= Martha Grabowski =

American expert on organizational risk

Martha R. Grabowski is an American expert on organizational risk, particularly in maritime operations. She is currently a Distinguished Research Scientist at Rensselaer Polytechnic Institute, Department of Industrial and Systems Engineering. She is a Professor Emerita of Information Systems in the Madden College of Business and Economics at Le Moyne College in DeWitt, New York, where she held the McDevitt distinguished chair in information systems and directed the information systems program.

==Education and career==
Grabowski graduated from the United States Merchant Marine Academy in 1979. She attended Rensselaer Polytechnic Institute for graduate study in management information systems, earning an M.B.A. in 1982, an M.S. in 1983, and a Ph.D. in 1987.

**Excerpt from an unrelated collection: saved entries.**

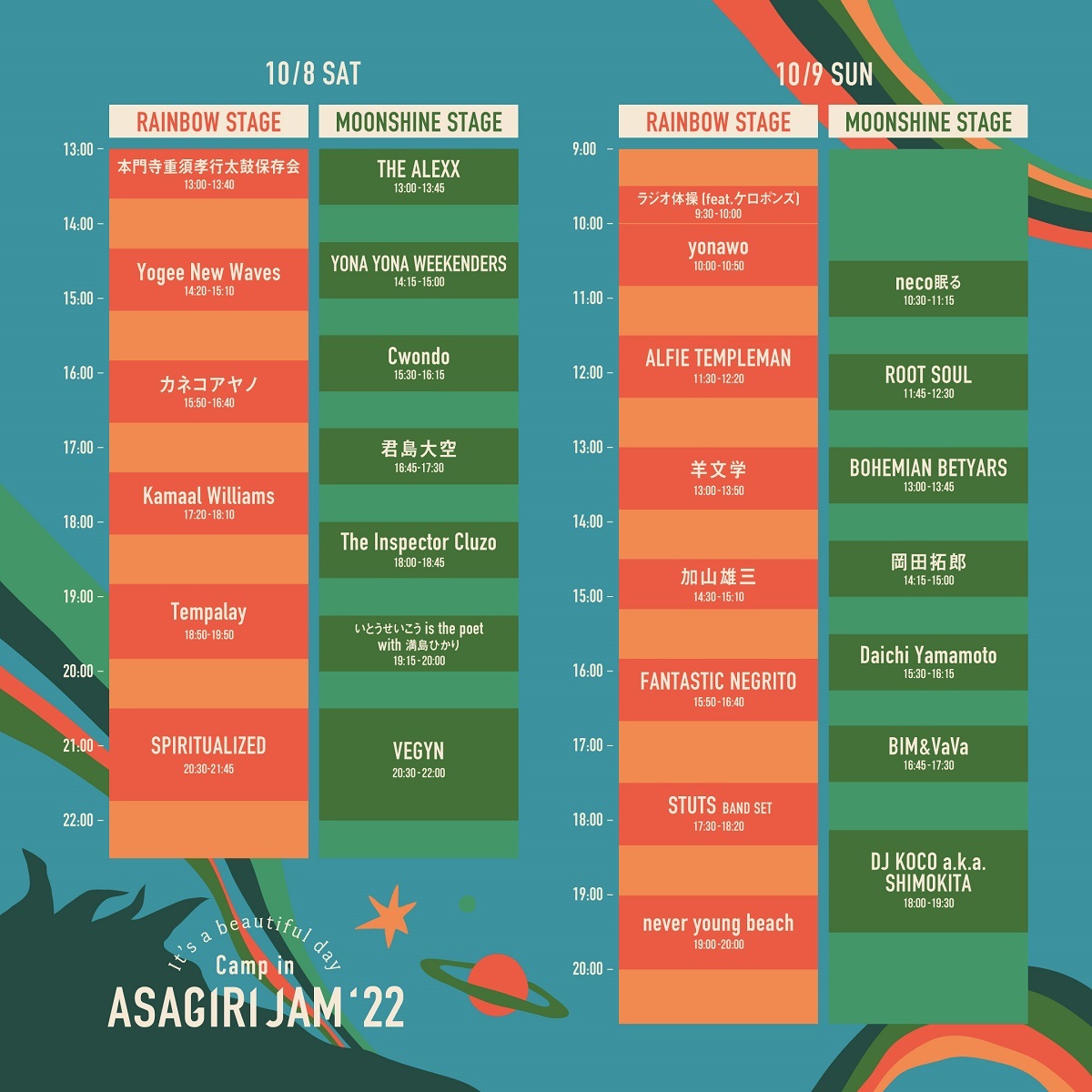 「RAINBOW STAGE」は初日がSPIRITUALIZED、2日目はnever young beachが、そして「MOONSHINE STAGE」は初日がVEGYN、2日目はDJ KOCO a.k.a. SHIMOKITAがトリを務める。RAINBOW STAGEとMOONSHINE STAGE、それぞれ特色を持つ2つのステージに、今年も幅広いジャンルのアーティストが出演する。最高のロケーションの中、2日間に渡り最高のパフォーマンスを繰り広げてくれることだろう。
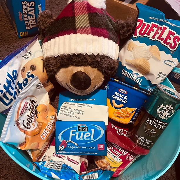NICU Care Baskets include stuffed animals, gas gift cards, food gift cards, baby books, baby blankets, hygiene items, etc. For $50.00 you can help provide necessities a NICU family may need, while currently having a baby in the hospital.
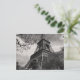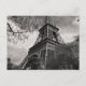 Another view of the iconic eiffel tower beautifully framed in this black and white postcard. Silhouetted againist a digitally enhanced cloudy sky and surrounded by trees.
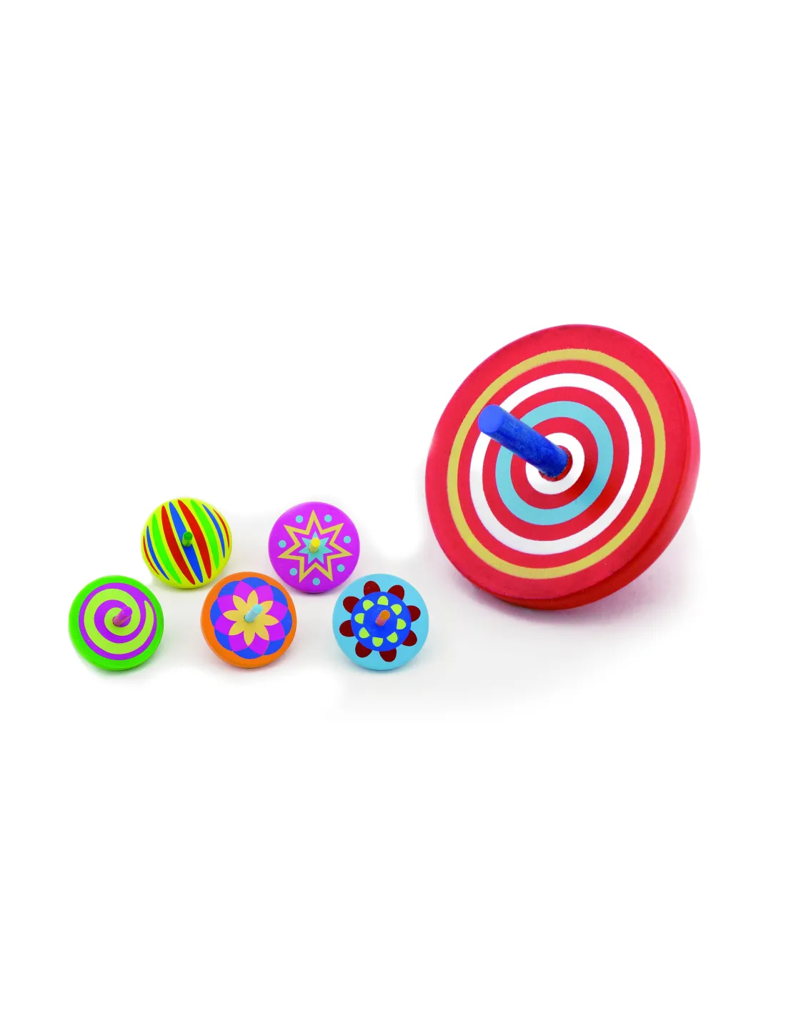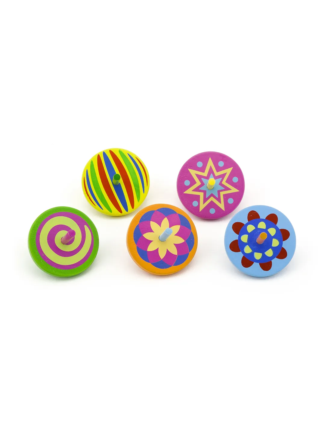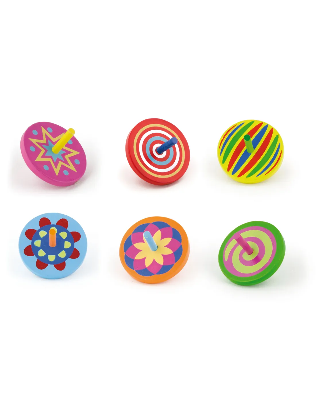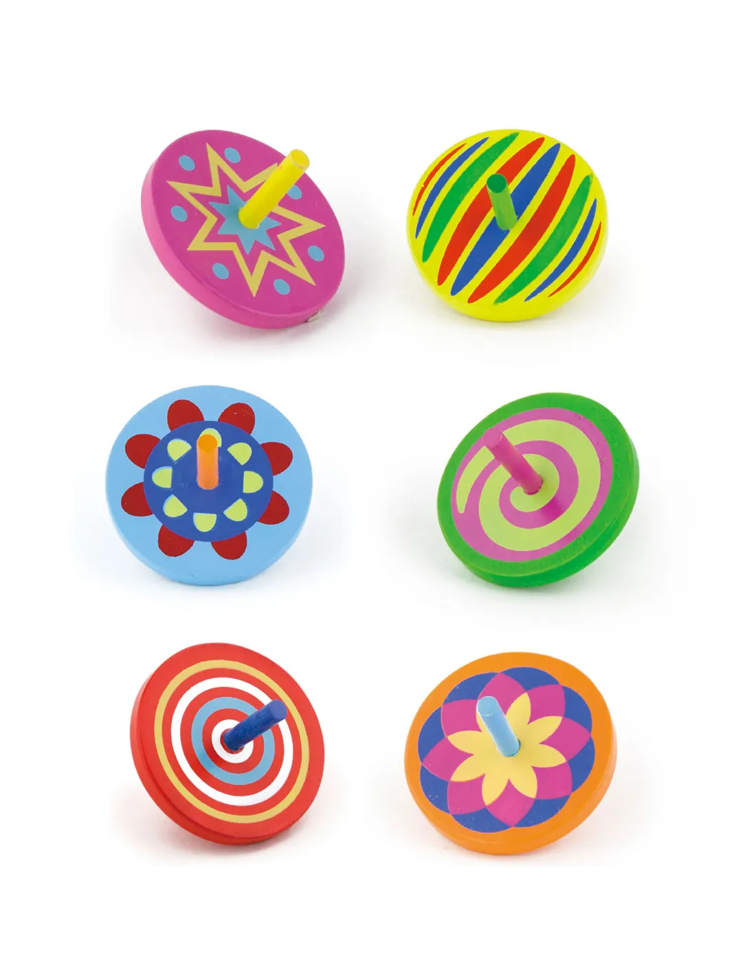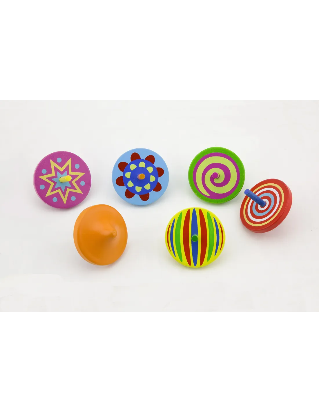 Colorful wooden spinning tops will delight children while they play. As they spin, they create interesting patterns that children will love.
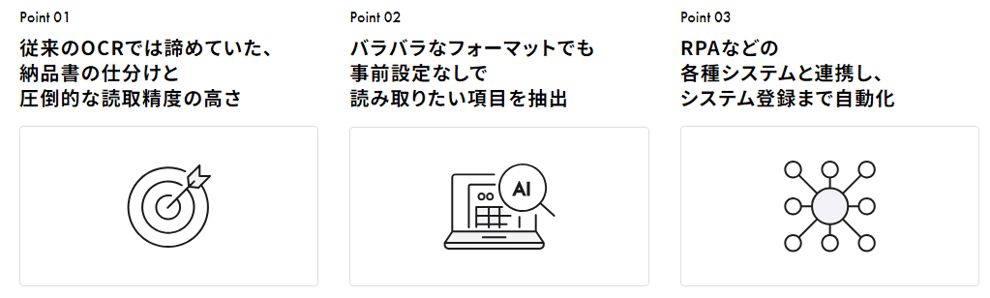 どのような帳票でも、定型・非定型のフォーマットを問わずAI-OCRが読み取り、欲しいテキストを自動で抽出します。アウトプットは、CSVやJSONやサーチャブルPDFなど様々な形式で出力することが可能です。
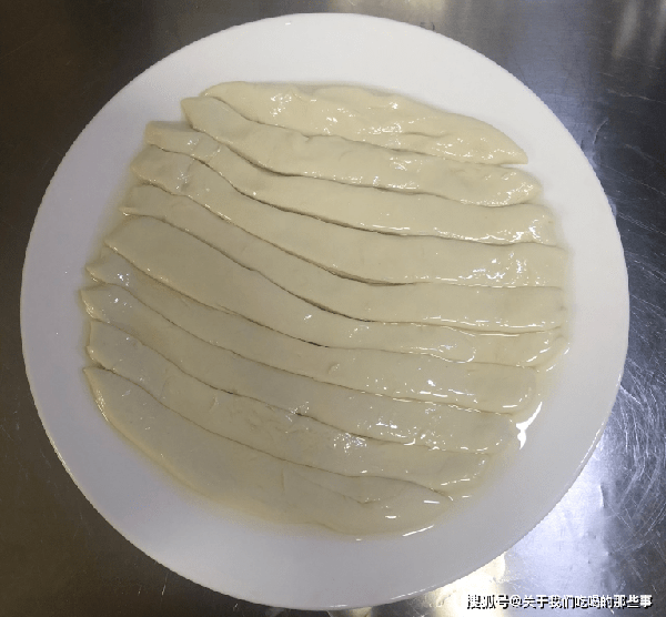 2、醒好的面團用手揉一揉,揉光滑後用搟面杖搟成5毫米厚的面餅,再用刀切成細條。細條刷上一層油,蓋上保鮮膜繼續醒面半小時,增加面條的延展性,方便抻面。
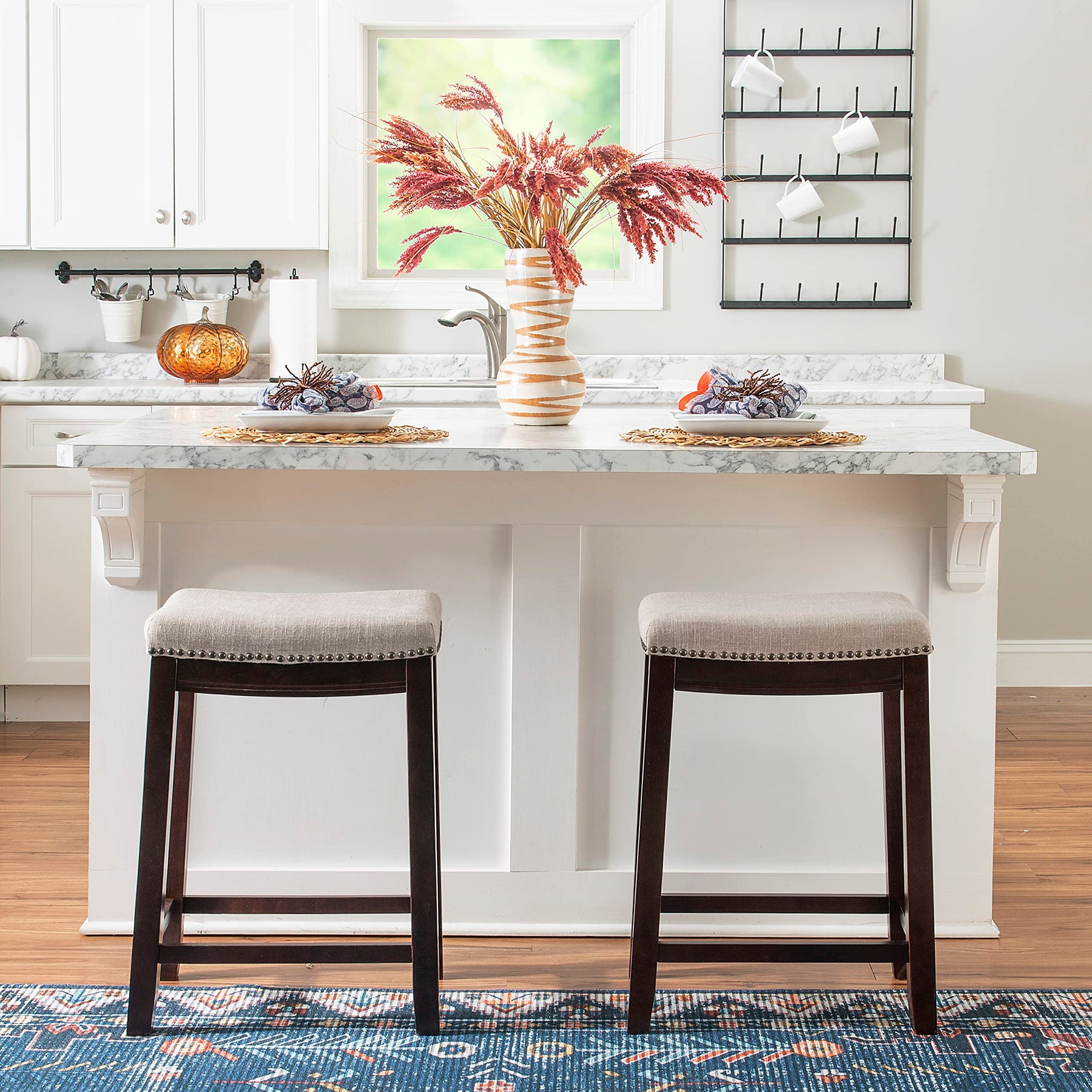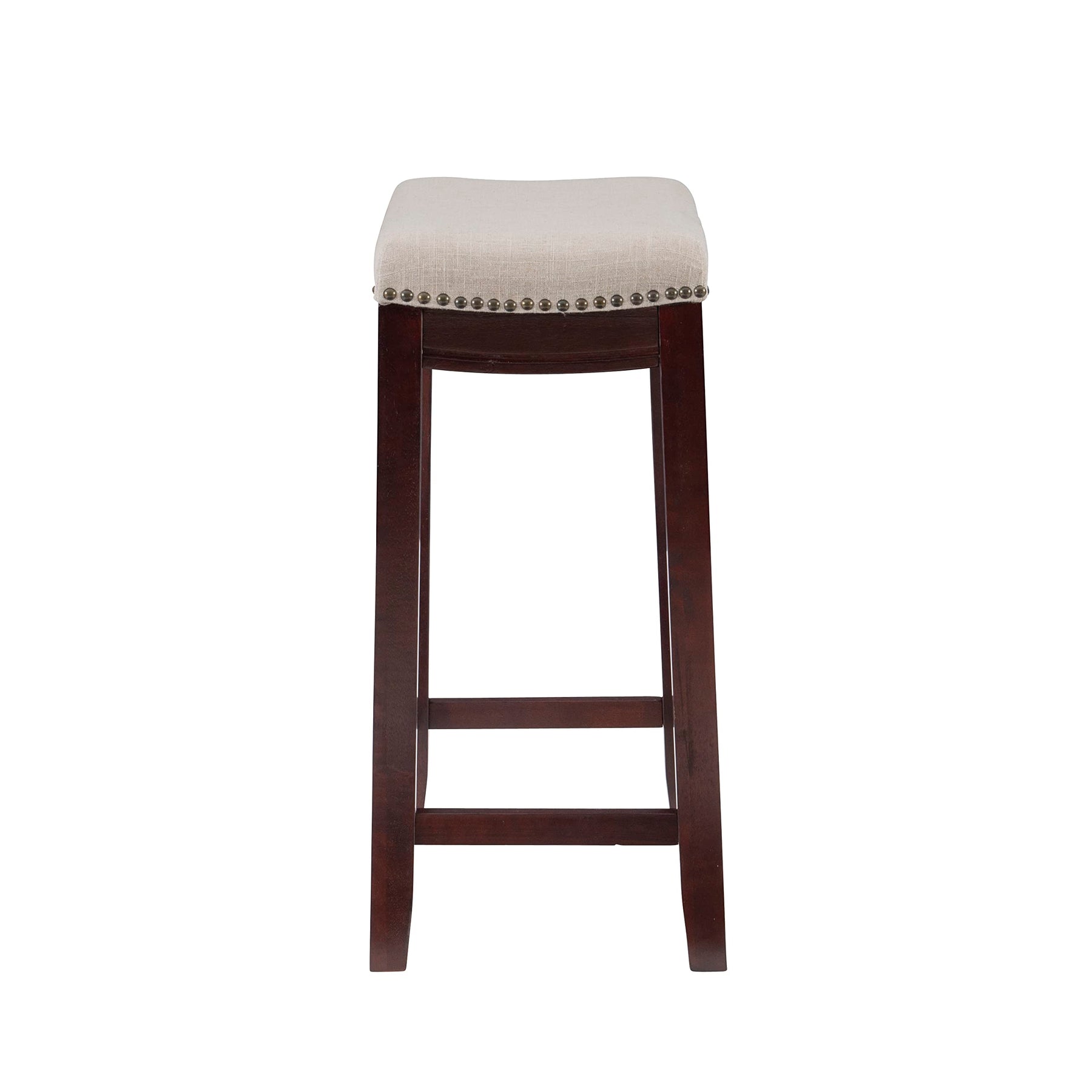 Dark Walnut Finish Beige Linen Upholstered Top Nail Head trim adds interest to the stool Plush cushioned seat 26.5" seat height - Perfect for Counter heights of 35" to 39" Assembled Size: 18.25" W x 12.62" D x 26.5" H - Weight limit of 275 lbs. Colors may slightly vary due to lighting conditions.
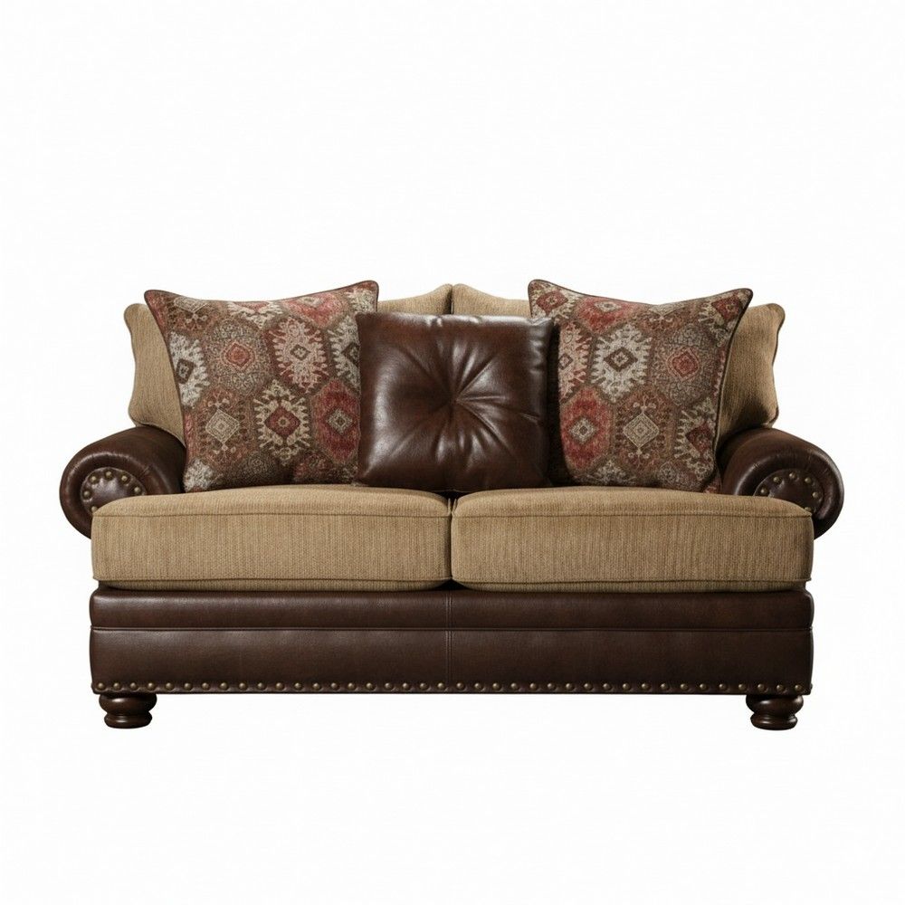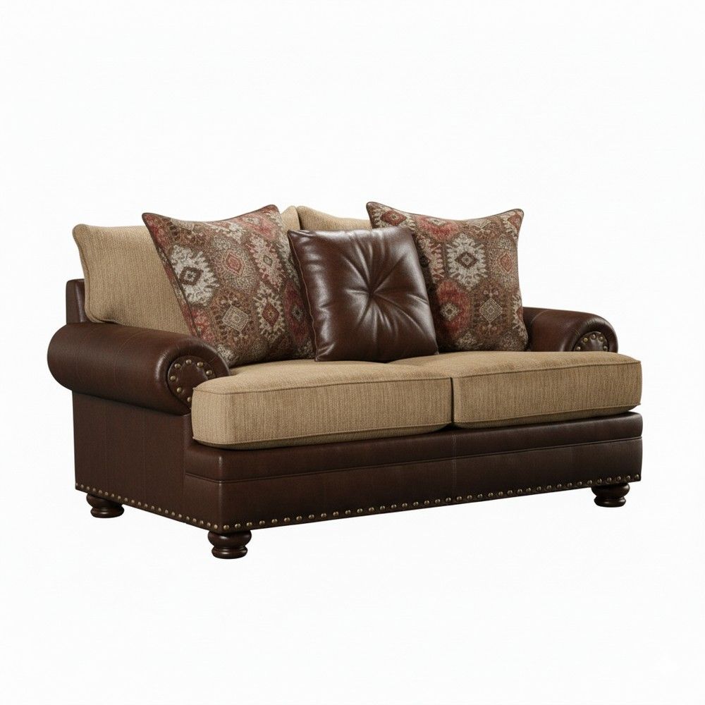 Transform your living space with the inviting charm of our Dakota two-tone loveseat. Featuring a striking contrast of rich chocolate and warm tan upholstery, this loveseat combines southwestern design with timeless elegance. The plush tan cushions provide exceptional comfort, while the chocolate-hued frame adds depth and durability, making it a standout centerpiece for any room. Perfectly sized for lounging or entertaining, its sturdy construction and high-quality materials ensure lasting style and support.

She became an assistant professor at Le Moyne college in 1987. She was promoted to associate professor in 1992 and full professor in 1998. She held the Joseph C. Georg Endowed Professorship from 1994 to 1997, served as acting chair of accounting in 2003 and 2003, chaired the Business Administration Department from 2009 to 2012, and chaired the Accounting Department again beginning in 2020. She held the McDevitt Chair from 2012 to 2024.

Grabowski has served two terms as chair of the National Academies of Sciences, Engineering and Medicine Marine Board, 2006-2008, and 2020-2022, and has chaired or served on ten National Academies of Sciences, Engineering and Medicine studies.

==Recognition==
Grabowski was elected to the National Academy of Engineering in 2024, "for her work on engineering information systems that promote transportation safety and for national leadership in marine transportation policy".